Extracted time series features

To make a prediction at an arbitrary point in time, a consistent set of extracted features should be computed that capture the information present in all previous time points. All the data provided about a procedure is associated with a specific date and time. Text data has the time it was provided, minute-by-minute data from the patient monitor has the time at which each measurement was taken, and single point measurements have the times they were recorded.

We summarized these unevenly sampled time registered data into a fixed length feature vector at any point in time using several complementary methods:

  • Patient data, procedure information, and pre-operative notes are represented by a “last value” extracted feature, which is zero before any data is recorded and the data’s value afterwards.

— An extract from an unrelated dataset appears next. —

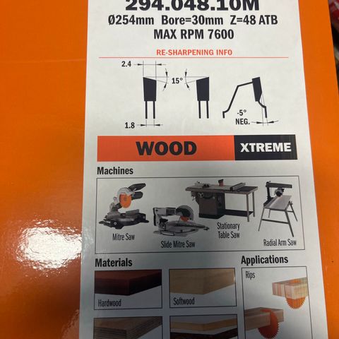 * 6 tænder, TCT-klinge.
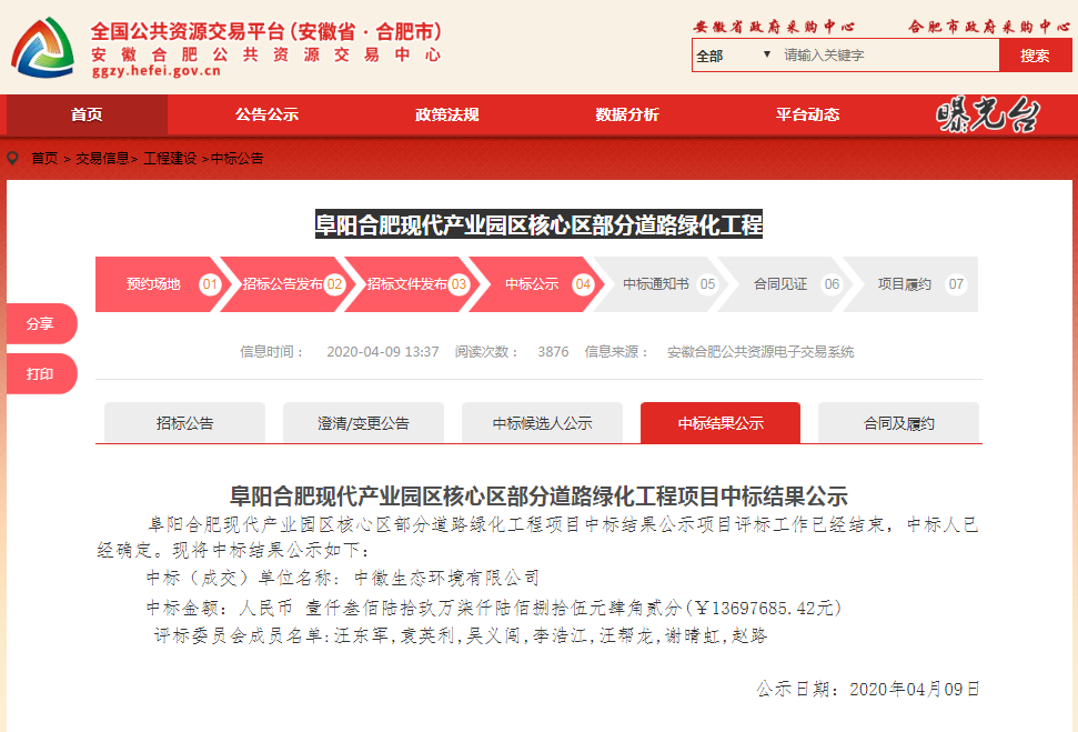 leyu乐鱼·官方web站登录入口中标“阜阳合肥现代产业园区核心区部分道路绿化工程”

  • Time series data are captured using exponentially decaying weighted average and variance estimates using multiple decay rates. These decay rates specify how much impact each past time point has on the computed mean or variance for the time series. We used 6 second, 1 minute, and 5-minute half-life times to capture both high and low frequency components of the signal in each time series (Supplementary Figure 12).

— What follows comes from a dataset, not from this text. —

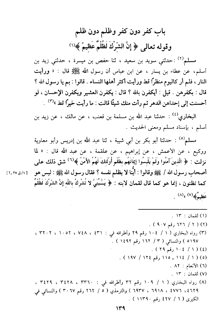 مُسلم: حَدثنَا أَبُو بكر بن أبي شيبَة، ثَنَا عبد الله بن إِدْرِيس وَأَبُو مُعَاوِيَة ووكيع، عَن الْأَعْمَش، عَن إِبْرَاهِيم، عَن عَلْقَمَة، عَن عبد الله قَالَ: " لما نزلت: {الَّذين آمنُوا وَلم يلبسوا إِيمَانهم بظُلْم أُولَئِكَ لَهُم الْأَمْن} شقّ ذَلِك على أَصْحَاب رَسُول الله / - صَلَّى اللَّهُ عَلَيْهِ وَسَلَّم َ - وَقَالُوا: أَيّنَا لَا يظلم نَفسه؟ فَقَالَ رَسُول الله - صَلَّى اللَّهُ عَلَيْهِ وَسَلَّم َ -: لَيْسَ هُوَ كَمَا تظنون، إِنَّمَا هُوَ كَمَا قَالَ لُقْمَان لِابْنِهِ: {يَا بني لَا تشرك بِاللَّه إِن الشّرك الظُّلم عَظِيم} ".

  • Drug dose data are captured using both an exponentially decaying sum, and a time since the last measurement. Decay rates with half-lives of 5 minutes and 60 minutes were used to capture both near term and longer average drug dosing effects.

To ensure that there was enough training data for each extracted feature we removed extracted features that had less than 100 recorded data values for the real-time model, and less than 50 for the initial model. For a full list of the 3,797 extracted features used by Prescience for initial predictions see Supplementary Table 4 (STable4_InitialFeatures.csv). For the 3,905 extracted features used in intraoperative predictions see Supplementary Table 5 (STable5_RealtimeFeatures.csv). Note that over 2,000 of the initial and intraoperative features represent words from text data sources.

Gradient boosting machines for prediction

The extracted features we compute from real-time operating room data have a variety of complex nonlinear interactions. Capturing these requires a model with significant flexibility, and we chose a non-parametric approach called gradient boosting machines (26).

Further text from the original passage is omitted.